**Records for processing**
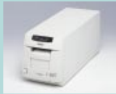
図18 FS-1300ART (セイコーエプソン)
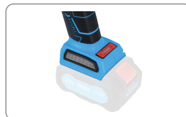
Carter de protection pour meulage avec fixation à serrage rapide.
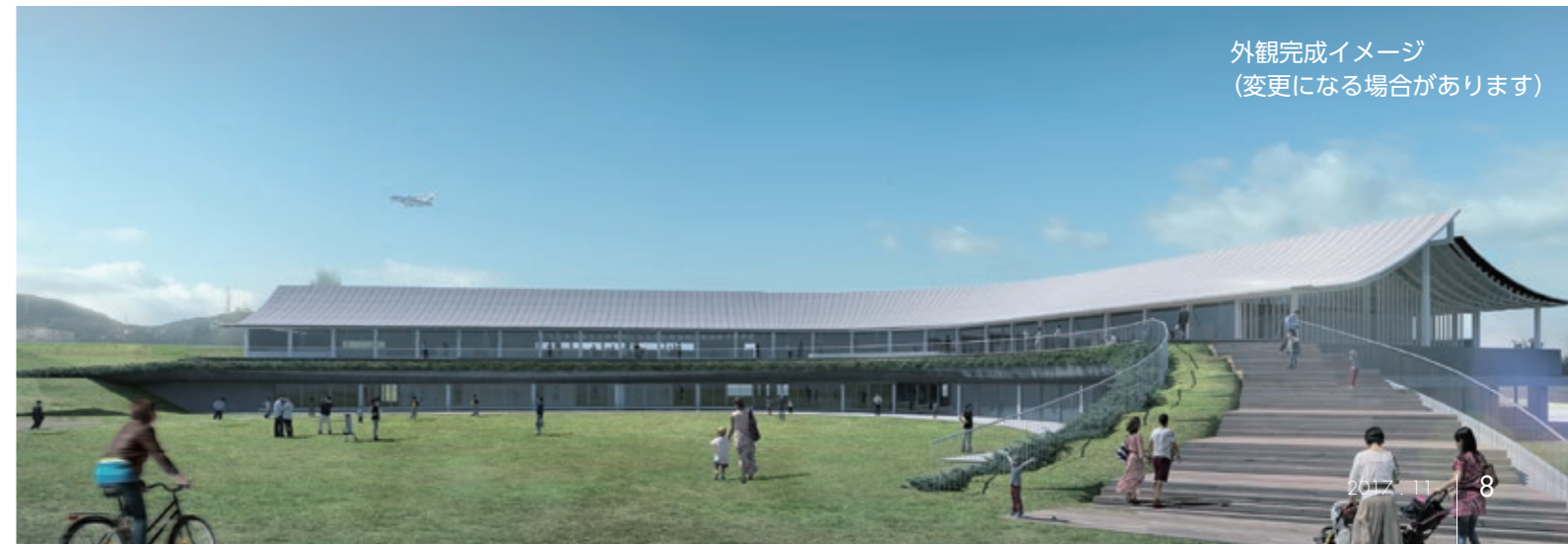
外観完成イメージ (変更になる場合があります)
==
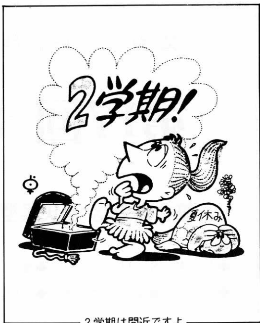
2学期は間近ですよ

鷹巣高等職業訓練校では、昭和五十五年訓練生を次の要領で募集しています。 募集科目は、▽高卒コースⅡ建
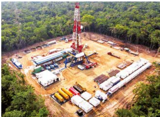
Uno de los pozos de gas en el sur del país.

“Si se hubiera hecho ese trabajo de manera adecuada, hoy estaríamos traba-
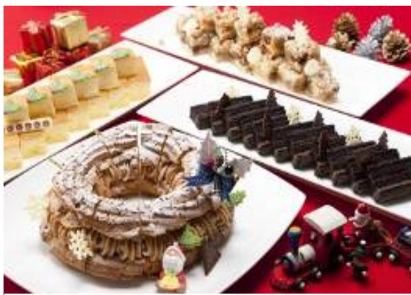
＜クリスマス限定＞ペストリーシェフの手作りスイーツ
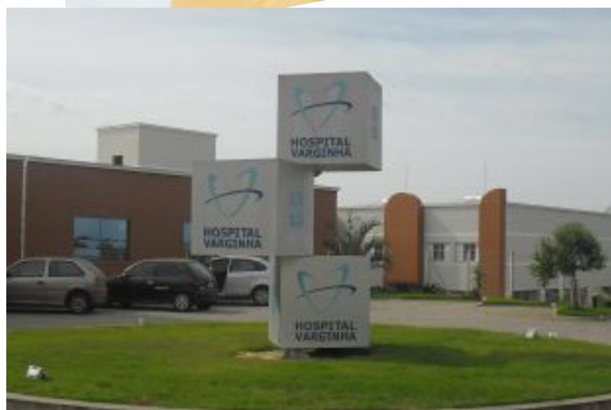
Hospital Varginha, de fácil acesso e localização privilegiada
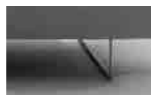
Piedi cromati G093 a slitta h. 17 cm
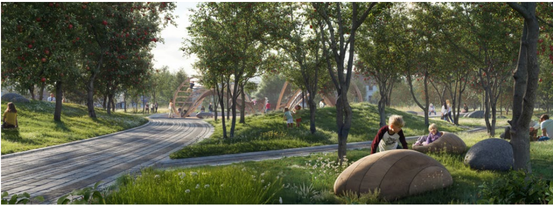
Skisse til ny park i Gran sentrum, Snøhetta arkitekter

**Exercise details**
Above, find the line with "Piedi cromati G093 a slitta h. 17 cm"; copy it and every line down to the line with "Skisse til ny", exactly and both included, but no pictures.

**Output of the task**
Piedi cromati G093 a slitta h. 17 cm
Skisse til ny park i Gran sentrum, Snøhetta arkitekter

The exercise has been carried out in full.